- Nogal de Saldán Refuge Location of Nogal de Saldán Refuge in Antarctic Peninsula
- Coordinates: 69°24′04″S 68°49′20″W﻿ / ﻿69.401070°S 68.822150°W
- Country: Argentina
- Location in Antarctic Peninsula: Cape Jeremy Graham Land Antarctica
- Administered by: Argentine Army
- Established: 1958
- Named after: Paul Groussac
- Type: Seasonal
- Status: Abandoned

= Cape Jeremy =

Cape in Antarctica

Cape Jeremy is a cape marking the east side of the north entrance to George VI Sound and the west end of a line dividing Graham Land and Palmer Land, Antarctica. It was discovered by the British Graham Land expedition, 1934–1937, under John Riddoch Rymill, who named it for Jeremy Scott, son of James Maurice Scott, who served as home agent for the expedition and was formerly a member of the British Arctic Air Route Expedition.

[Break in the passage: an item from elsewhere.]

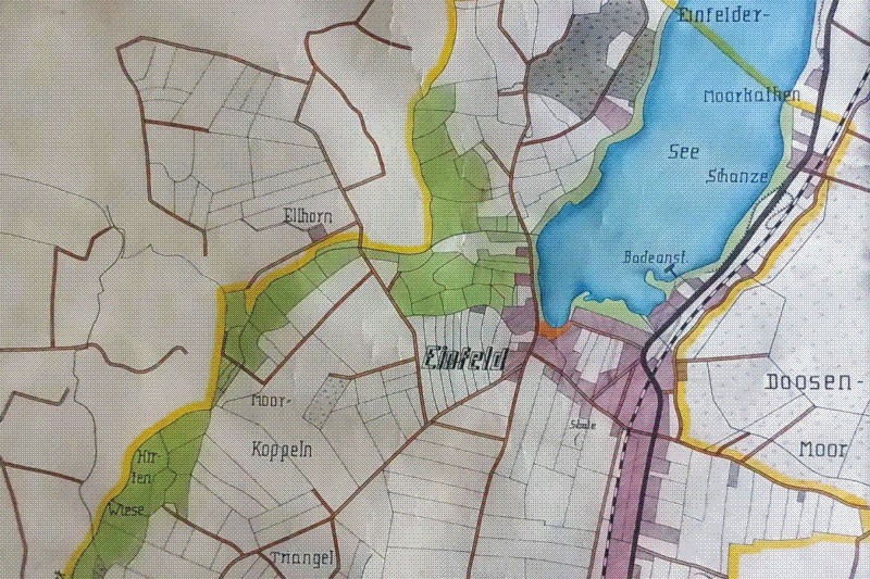 Und … auf jeden Fall konnte ein Traktor samt Anhänger seinen Platz zwischen den neuen Wohngebäuden finden. Das Ackerland wurde zwar verpachtet, aber ein Teil des Bondengehölzes sollte weiterhin in Eigenregie gehegt und gepflegt werden. Beim Frühjahrsputz der Feldmark durch die hiesigen Landwirte kam und kommen Traktor und Anhänger stets zum Einsatz. Während im Jahr 2022 noch die Höfe von Nohrden, Schröder und Wulf am Rande des Stadtteils existieren, sind andere wie z. B. Hof Schweede und Hof Busdorf ganz verschwunden. Gelegentlich erinnern die Umrisse von neuen Gebäuden bzw. Gebäudeteilen an einen der Bauernhöfe oder auch an die alten landwirtschaftlichen Silospeicher. Es sind kleine Details, die an die vergangene Geschichte der Landwirtschaft im Dorfe Einfeld erinnern.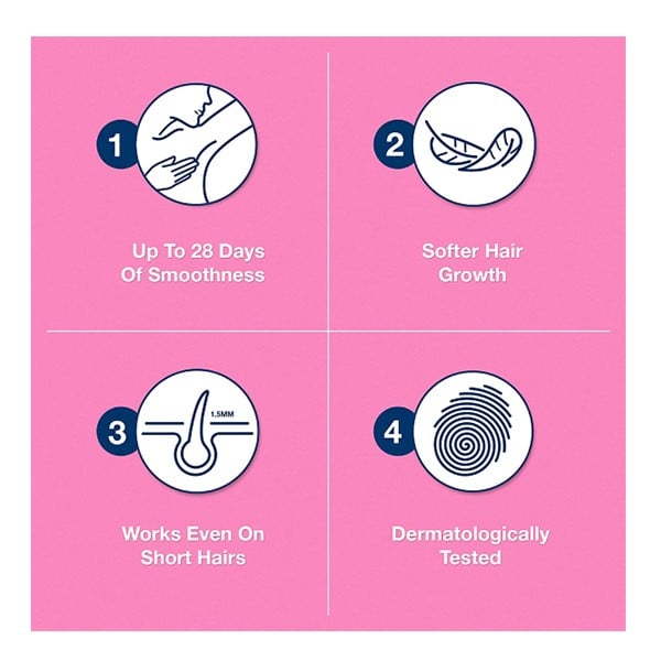تزيل كل الشعر من الجسم حتى أقصر الشعيرات و تقلل من سرعة ظهوره لمدة تصل الى أربعة أسابيع.

== Nogal de Saldán Refuge ==

Nogal de Saldán Refuge is an Argentine Antarctic refuge located south east of Cape Jeremy, on the Fallières Coast. It is administered by the Argentine Army and depends on the San Martín Base, which is 200 km to the north.

Gustavo Adolfo Giró Tapper, with the rank of lieutenant, served as commander of the San Martín Base during the International Geophysical Year of the 1958. Its group was composed of 20 units. In the winter, he drove a patrol with sled pulled by dogs, to Cape Jeremy installing the Refuge Nogal de Saldán in September. Then he crossed the Antarctic Peninsula between Marguerite Bay and the Weddell Sea. The refuge was then abandoned.